03.09.2009
Sergueï Pali - Boomerang: une présentation
Depuis une trentaine d'années est apparu aux Etats Unis un genre un peu spécial, celui de la novellisation: mise en roman de films, de séries, voire plus récemment de jeux vidéo ou de jeux de rôle. La production est en général remarquable de médiocrité, mais il arrive que quelques grandes plumes de la SF ou de la Fantasy US s'y frottent. On peut prendre pour exemple la série Star Trek, qui compte parmi ces auteurs d'illustres inconnus, mais aussi James Blish, David Gerrold, Barbara Hambly, Vonda McIntyre, Greg Bear ou encore Joe Haldeman. Malheureusement, la signature de ces poids lourds de la littérature n'a pas toujours été gage de qualité.

En Russie, le phénomène est, comme on peut s'en douter, beaucoup plus récent. Et là bas, c'est un jeu vidéo ukrainien sorti en 2007 qui en est l'origine, Stalker, très vaguement inspiré de l'oeuvre des frères Strougatski, et dont la qualité surprend, justement lorsqu'on le compare avec d'autres jeux adaptés des romans des deux frères.
Depuis plus d'un an maintenant, les éditions Ast publient donc des romans mettant en scène des stalker, romans dont on nous avait fait part jusqu'ici de l'assez faible qualité. Il se pourrait bien que ça change. Car après Alexandre Zoritch, c'est Sergueï Pali qui nous signale la parution récente d'un roman qu'il a écrit pour la série, Boomerang.

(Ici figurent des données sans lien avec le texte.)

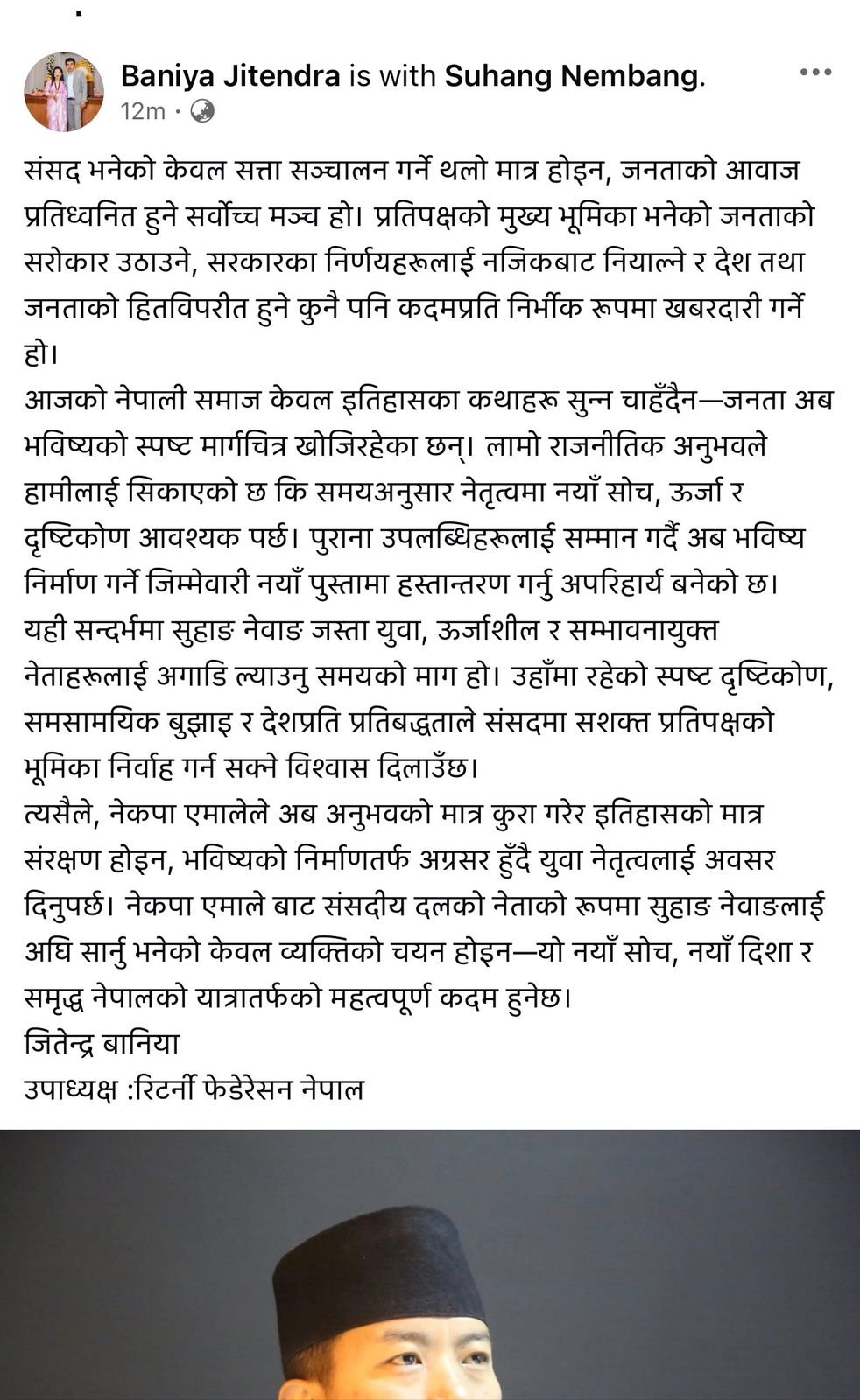 रिटर्नी फेडेरेसनका नेपालको उपाध्यक्ष जितेन्द्र बानियाले सुहांग नेम्हांगलाई संसदीय दलको नेताको रुपमा अघि सार्नुपर्ने बताएका छन । सामाजिक संजालमा आफ्नो विचार राख्दैनेकपा एमालेको जनसंगठन रिटर्नी फेडेरेसनका उपाध्यक्ष रहेका बानियाले “भविष्यको निर्माणतर्फ अग्रसर हुदैं युवा नेतृत्वलाई अवसर दिनुपर्छ” लेखेका छन । समयअनुसार नेतृत्वमा नयाँ सोच , उर्जा र दृष्टिकोण आवश्यक पर्छ भन्दै उनले पुराना उपलब्धीहरुलाई सम्मान गर्दे अव भविष्य निर्माण गर्ने जिम्मेवारी नयाँ पुस्तामा हस्तान्तरण गर्नु अपरिहार्य बनेको भनेका छन ।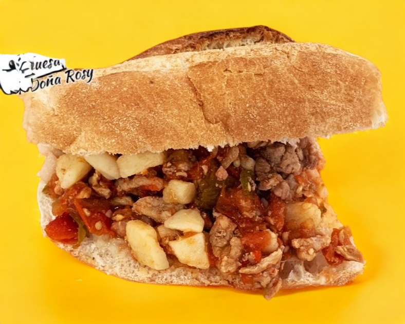 Burrito de 25 cm, en tortilla gigante de harina, elije 2 de tus guisos favoritos, una salsa, burrito completo.

Il nous a au passage fait parvenir la quatrième de couverture:
"La Zone a proposé de nouveau un curieuse énigme à ses habitants. Des artefacts uniques, les "boomerangs", apparaissent en différents endroits. Avec eux, il est possible non seulement de guérir les blessures ou de parer les balles mais aussi d'influencer le cours des événements.
La chasse à ces curiosités commence.
Le libre stalker Minor est un centenaire de la Zone. Comme pas un, il sait que plus la gratte est précieuse, plus il est difficile de s'en procurer et de rester vivant. De plus, il comprend qu'il n'y a qu'une seule chance d'obtenir ce trésor.
Avec une équipe à toute épreuve, Minor part pour un dangereux voyage afin de résoudre le mystère du "boomerang". Mais les pièges mortels et les mutants féroces ne sont pas le principal danger pour un stalker expert..."
Nous tâcherons de nous procurer ce livre, histoire de voir et de vous en dire plus.
PS: Comme de fait exprès, nous travaillons en ce moment à la révision de la traduction du roman Stalker, l'original celui-là, d'Arkadi et Boris Strougatski. C'est à paraître chez Denoël en 2010: ne le ratez, c'est un chef-d'oeuvre!
21:20 Publié dans (aut.) Sergueï Pali, (éd.) Ast, Jeux vidéo | Lien permanent | Commentaires (0) | Envoyer cette note | Tags : pali, Палий
01.02.2009
Akella - Halte au massacre!
Les studios russes Akella se sont rendu tristement célèbres, ces dernières années, en tentant d'adapter en jeux vidéo les romans des frères Strougatski.
Or il faut bien l'avouer, les résultats ont été jusqu'ici plus que médiocres.
Hard to be a god (d'après Il est difficile d'être un dieu), est un jeu de rôle (rpg) à la réalisation banale, et dans lequel il ne se passe finalement pas grand chose.
Le Pic rouge (d'après L'Auberge de l'alpiniste mort), est un jeu d'enquête à l'ambiance (visuelle comme musicale) très réussie, mais profondément ennuyeux: les quêtes sont risibles et les mini-jeux soporifiques au possible.
Le pire de tous reste encore Prisoner of power (d'après L'Île habitée), une bouse infâme d'une laideur incroyable, dans laquelle les ennemis (malgré le patch distribué par Anuman) n'ont pas la moindre once d'intelligence (ils ne bougent pas!). Et pire que tout: ce jeu n'est même pas technologiquement au point, puisque, non content de réclamer 2 GHz de processeur, il ne tourne pourtant pas sous Windows Vista. Ridicule.
Seul finalement la suite de Galactic Assault, Prisoner of Power, jeu de stratégie lui aussi tiré de L'Île habitée, s'en sort avec les honneurs. Mais il faut dire que la base de ce jeu n'a pas été développée par Akella. Ouf.
Mais pourquoi donc parler de tout ça sur un blog littéraire?
Simplement parce qu'en recevant le numéro de janvier de Polden XXI vek, la revue de Boris Strougatski, nous avons eu la mauvaise surprise de découvrir que les mêmes se sont attaqués à Le Lundi commence le samedi (Понедельник начинается в субботу), roman humoristique se passant dans un institut complètement loufoque dans lequel on étudie des choses paranormales en tout genres. Bref, les Strougatski s'y livraient à du Pratchett ou du Dufour avant l'heure.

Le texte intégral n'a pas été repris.